But some eras introduce new technologies that take electronics systems (and engineering thinking) to a different level. Such is the case with embedded vision.

Google driverless car

A car is a car is a car. But a car with embedded vision is a safer, smarter, more autonomous mode of transport, and, down the road, a transformer of society. Vision is the sensor functionality that adds the third"C" to the convergence triad: Computing, communications, and cognition. And embedded vision is, at its heart, about recognition and autonomy.

Those are two cable-strong threads running through this month's Embedded Vision Summit in Santa Clara, Calif., May 29, at the Santa Clara Convention Center.

"This is about inspiring and empowering engineers to incorporate visual intelligence into products," said Jeff Bier, founder of the Embedded Vision Alliance, which created the summit. "It's not technology for the sake of technology.  It's technology for the sake of better products."

Bier has lured two amazing speakers to the packed compelling lineup, Nathaniel Fairfield of Google, who will talk about autonomous vehicles, and Yann LeCun, Director of AI Research at Facebook and Silver Professor of Data Science, Computer Science, Neural Science, and Electrical Engineering at New York University. His presentation is titled "Convolutional Networks:  Unleashing the Potential of Machine Learning for Robust Perception Systems." I'm going to listen in just because I love the phrase "convolutional networks!"

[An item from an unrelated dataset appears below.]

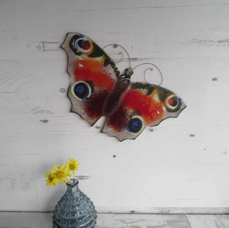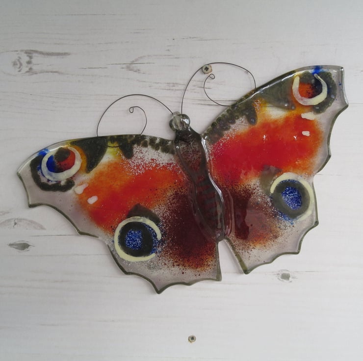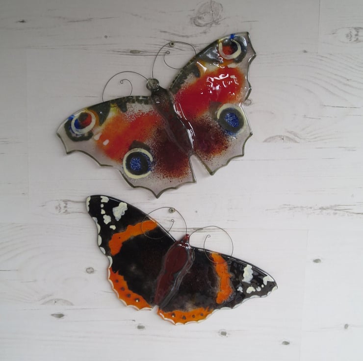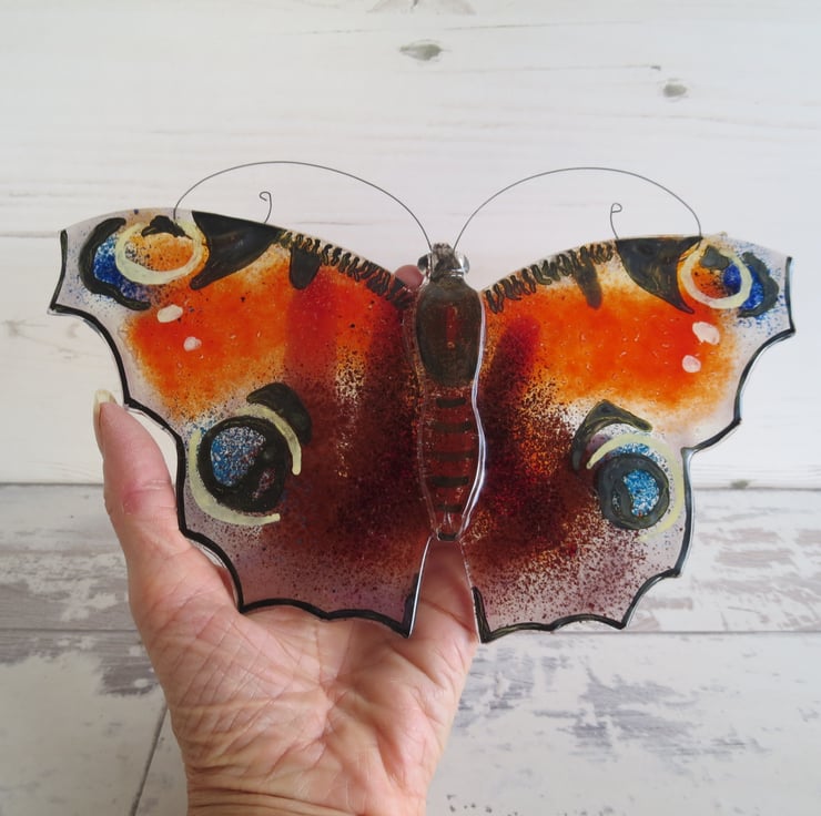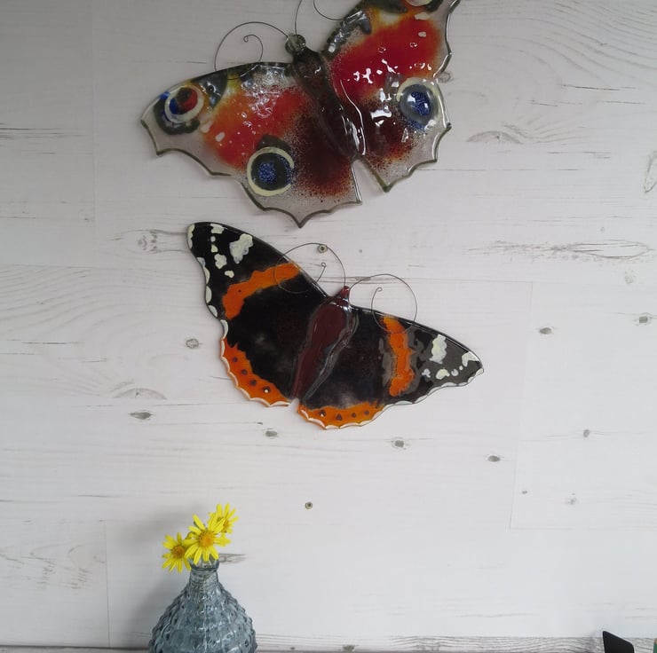 My butterfly is made from 7 pieces of thin glass. The Peacock has an extra piece over the other butterflies as I wanted to give him eyes! I paint with enamels and add ground coloured glass and wire. Finally the surface is over-glazed and fired in a kiln.

Also featured among the 18 technical talks during the day-long program:

  • Cadence Fellow Chris Rowen ("Taming the Beast: Performance and Energy Optimization Across Embedded Feature Detection and Tracking")
  • Francis MacDougall, Qualcomm ("Vision-Based Gesture User Interfaces")
  • Ken Lee, Van Gogh Imaging ("Fast 3D Object Recognition in Uncontrolled Real-World Environments for Embedded and Mobile Applications")

Here's a link to the complete conference agenda.

Whether it's self-driving cars (Fairfield's focus) or facial recognition in social networking (LeCun's focus), Bier notes these are "hard problems" for engineering teams.

artificial intelligence

Autonomous vehicles in particular, he said, are systems that need "to exist in the wild, in this chaotic world in which we live."

Facebook, for its part, is likely interested in expanding facial recognition technology to make the user experience more intuitive but also to make advertising programs smarter and more effective. ("Are you wearing a Real Madrid jersey in your latest Facebook picture? Here we'll serve you some merchandiser links that are relevant to that.")

Bier said Facebook hasn't said much about what LeCun is working on, so his presentation should be illuminating.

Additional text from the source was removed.